Обсуждение: Workaround: Planner preference for tsquery filter vs. GIN index in fast text search

Поиск
Список
Период
Сортировка

Workaround: Planner preference for tsquery filter vs. GIN index in fast text search

От
"Laurence Parry"
Дата:
As mentioned here and elsewhere (most recently in "How can I get the query
planner to use a bitmap index scap instead of an index scan ?" - 8 Mar
2014), estimation of the relative cost of text search operations using
GIN-indexed columns sometimes goes awry, particularly when there will be a
large number of matches.

The planner may choose to use a sequential or unrelated index scan with @@
as a filter, especially when incorporated as a subquery, incurring
significant cost (even without considering de-TOASTing). Pre-tsvectorizing
the column offers only a slight mitigation and can cause regressions (if
nothing else, it adds another large column).

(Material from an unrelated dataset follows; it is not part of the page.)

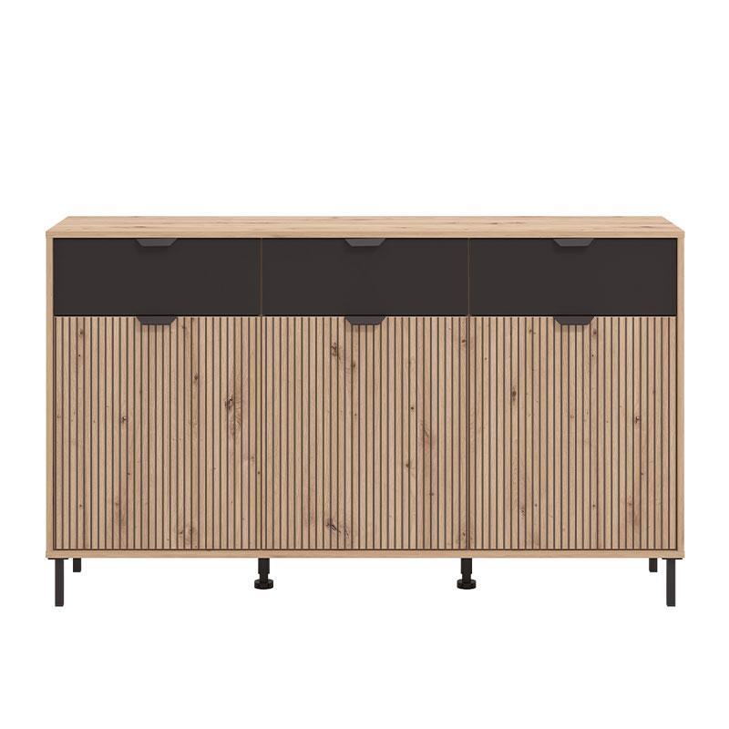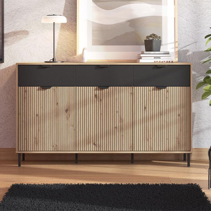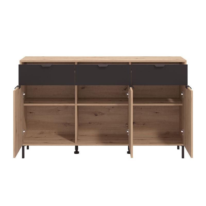 The dresser features three spacious cabinets and three drawers to organize your personal belongings with easy access. The combination of the Artisan oak and matte black color, along with the discreet black lines, creates a strong aesthetic contrast that adds character to the space. The matte black metal handle offers an additional touch of sophisticated modern aesthetics.

What worked for me (and I'm hoping for others, though YMMV) was adding
'OFFSET 0' to the subquery involving the indexed column, e.g.

...
(SELECT sk1.submission_id
FROM submission_keywords sk1, keywords k1
WHERE sk1.keyword_id = k1.keyword_id
    AND
to_tsvector('english_nostop', k1.keyword) @@ to_tsquery('english_nostop',
'tails')
OFFSET 0)
...

The result is a bitmap scan:
------------------------------------------------------------------------------------------
Nested Loop
(cost=8.73..4740.29 rows=21348 width=4)
(actual time=0.621..13.661 rows=20097 loops=1)
    ->  Bitmap Heap Scan on keywords k1
        (cost=8.30..1028.72 rows=755 width=4)
        (actual time=0.603..2.276 rows=752 loops=1)
        Recheck Cond:
        (to_tsvector('english_nostop'::regconfig, keyword) @@
'''tail'''::tsquery)
        ->  Bitmap Index Scan on keyword_to_tsvector_keywords
            (cost=0.00..8.11 rows=755 width=0)
            (actual time=0.496..0.496 rows=756 loops=1)
            Index Cond:
            (to_tsvector('english_nostop'::regconfig, keyword) @@
'''tail'''::tsquery)
    ->  Index Only Scan using keyword_id_submission_id_submission_keywords
on submission_keywords sk1
        (cost=0.43..3.47 rows=145 width=8)
        (actual time=0.005..0.010 rows=27 loops=752)
        Index Cond: (keyword_id = k1.keyword_id)
        Heap Fetches: 99
Total runtime: 14.809 ms

Without this the test was moved to a filter inside a nested loop, with
disastrous results:
->  Hash Semi Join
    (cost=23.37..23.51 rows=1 width=8)
    (actual time=0.090..0.090 rows=0 loops=594670)
    Hash Cond: (s1.submission_id = sk1.submission_id)
    ->  Index Only Scan using submissions_pkey on submissions s1
        (cost=0.42..0.56 rows=1 width=4)
        (actual time=0.007..0.007 rows=1 loops=17352)
        Index Cond: (submission_id = s.submission_id)
        Heap Fetches: 8372
        ->  Hash
            (cost=22.94..22.94 rows=1 width=4)
            (actual time=0.086..0.086 rows=0 loops=594670)
            Buckets: 1024  Batches: 1  Memory Usage: 0kB
            ->  Nested Loop
                (cost=0.85..22.94 rows=1 width=4)
                (actual time=0.083..0.085 rows=0 loops=594670)
                ->  Index Only Scan using file_keyword on
submission_keywords sk1
                    (cost=0.43..0.80 rows=13 width=8)
                    (actual time=0.006..0.008 rows=9 loops=594670)
                    Index Cond: (submission_id = s.submission_id)
                    Heap Fetches: 21324
                    ->  Index Scan using keywords_pkey on keywords k1
                        (cost=0.42..1.69 rows=1 width=4)
                        (actual time=0.008..0.008 rows=0 loops=5329219)
                        Index Cond: (keyword_id = sk1.keyword_id)
                        Filter: (to_tsvector('english_nostop'::regconfig,
keyword) @@ '''tail'''::tsquery)
Total runtime: 55194.034 ms [there are other lines, but 50 sec is above]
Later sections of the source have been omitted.